If your days of personal use qualify the vacation property as a “home” according to the IRS definition, and you’ve rented it for 14 days or less per year, no worries—you don’t have to report any of the rental income. Any mortgage interest and real estate taxes are reported as itemized deductions and subject to normal limitations.

Things get messier when the property qualifies as your home, but you also rent it for 15 days or more during the year. You will need to report all your rental income for tax purposes, and your expenses related to the property must be prorated between rental and personal use. Rental expense deductions will be limited to the amount of your rental income, and any excess rental expenses can be carried over to the following year but are still subject to any deduction limits that apply to that year.

Sound complicated?  It certainly can be, so be sure to consult your tax advisor and IRS Publication 527, Residential Rental Property, which covers the rules for the rental of vacation homes.

Lastly, keep in mind that on a second home, there is no capital gains exclusion as there is on your primary residence.
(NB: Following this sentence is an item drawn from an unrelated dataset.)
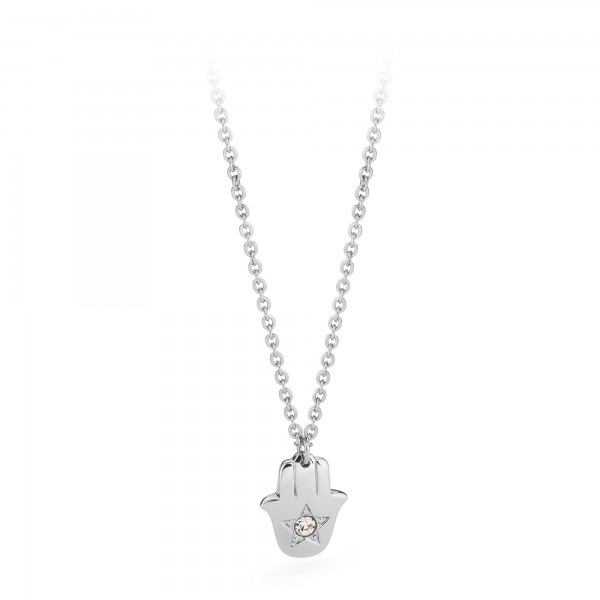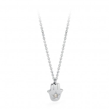 S'Agapo collana in acciaio con pendente a forma di mano di fatima con zircone bianco centrale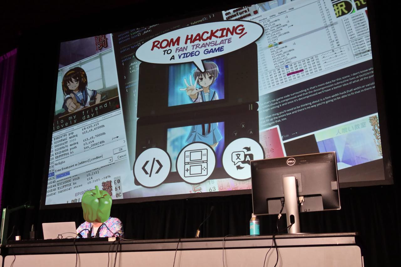 The final memorable talk that we attended was one about ROM hacking to translate a Japanese videogame. I'm used to seeing technical talks at technical conferences, but this was not something that I had at all expected to see at Sakura Con. Fundamentally, this talk was about passion driving a community to reverse engineer an entire Nintendo DS videogame in order to make it accessible to English-speakers.

The entire gain will be taxed, but if you’ve owned the home for at least one year before selling, the gain will be subject to the long-term capital gains rate, which is usually lower than your ordinary income tax rate.

Your Circumstances Are Unique

Whether or not to buy a vacation home is a discussion that we have with many of our clients. It’s a very individualized decision-making process, and we’re here to help you run the numbers and think it through. The points above are not meant to steer you away from a vacation home purchase. Rather, they’re intended to help you consider both the pros and cons of a very impactful decision so that regardless of the outcome, you’ll know you made the very best choice for your unique circumstances.